Start of Block

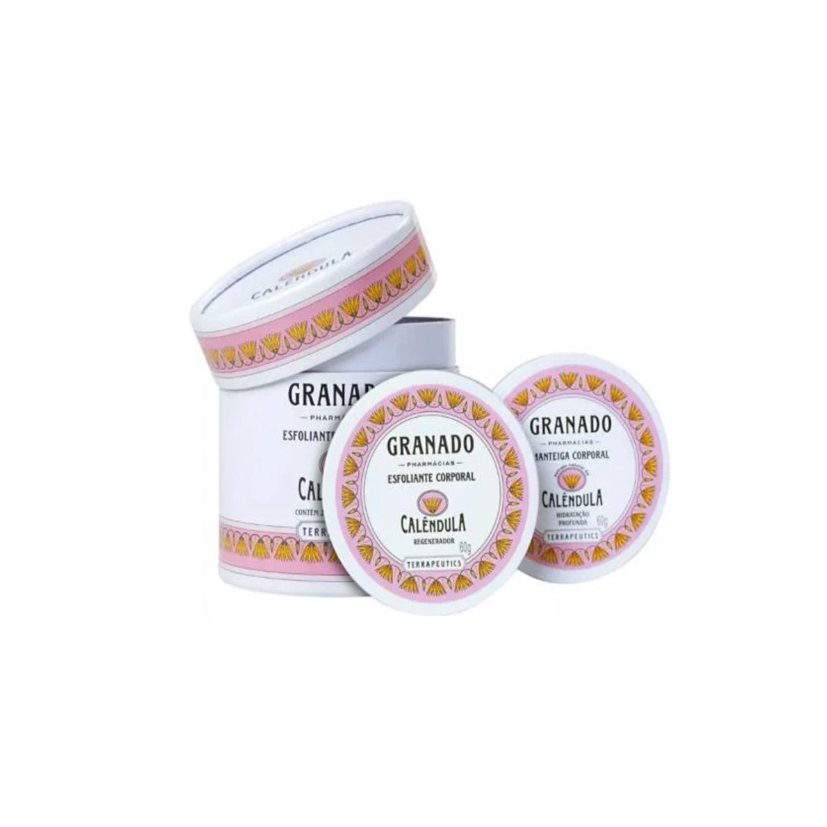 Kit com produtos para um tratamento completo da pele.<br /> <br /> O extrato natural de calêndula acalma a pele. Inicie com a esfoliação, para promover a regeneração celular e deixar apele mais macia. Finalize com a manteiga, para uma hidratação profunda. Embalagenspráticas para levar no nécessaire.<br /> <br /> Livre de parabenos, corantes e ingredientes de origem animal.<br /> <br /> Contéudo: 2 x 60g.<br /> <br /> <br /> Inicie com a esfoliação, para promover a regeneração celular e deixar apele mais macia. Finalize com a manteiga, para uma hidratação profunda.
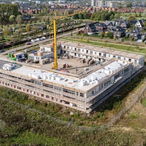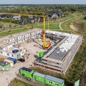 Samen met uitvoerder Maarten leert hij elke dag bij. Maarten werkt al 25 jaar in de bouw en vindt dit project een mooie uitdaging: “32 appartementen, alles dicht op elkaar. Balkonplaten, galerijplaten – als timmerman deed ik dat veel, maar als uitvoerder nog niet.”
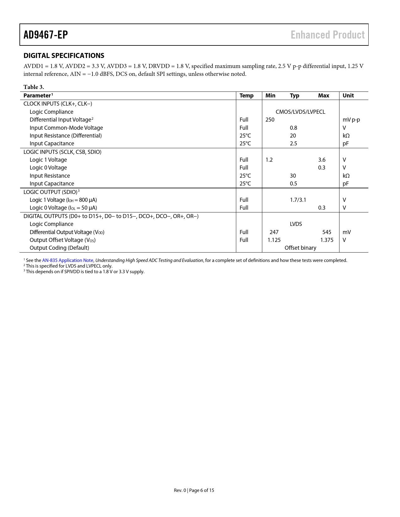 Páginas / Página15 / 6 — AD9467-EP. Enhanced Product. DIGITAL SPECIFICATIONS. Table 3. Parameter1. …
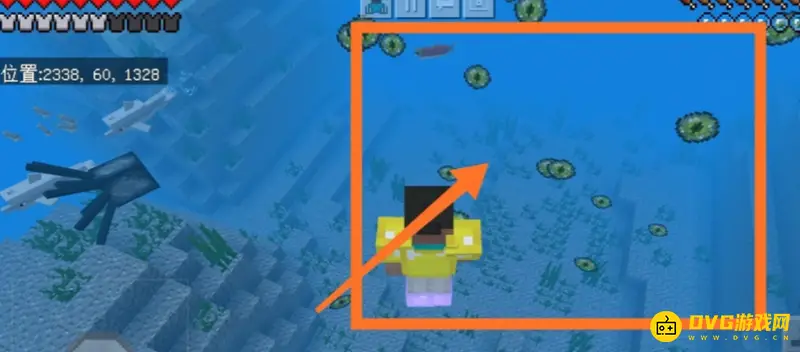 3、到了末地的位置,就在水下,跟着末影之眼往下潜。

End of Block

Task prompt
Find the line containing "Samen met uitvoerder" in the listing above. Please restate word for word that line through the last one, leaving out the pictures.

Result below
 Samen met uitvoerder Maarten leert hij elke dag bij. Maarten werkt al 25 jaar in de bouw en vindt dit project een mooie uitdaging: “32 appartementen, alles dicht op elkaar. Balkonplaten, galerijplaten – als timmerman deed ik dat veel, maar als uitvoerder nog niet.”
 Páginas / Página15 / 6 — AD9467-EP. Enhanced Product. DIGITAL SPECIFICATIONS. Table 3. Parameter1. …
 3、到了末地的位置,就在水下,跟着末影之眼往下潜。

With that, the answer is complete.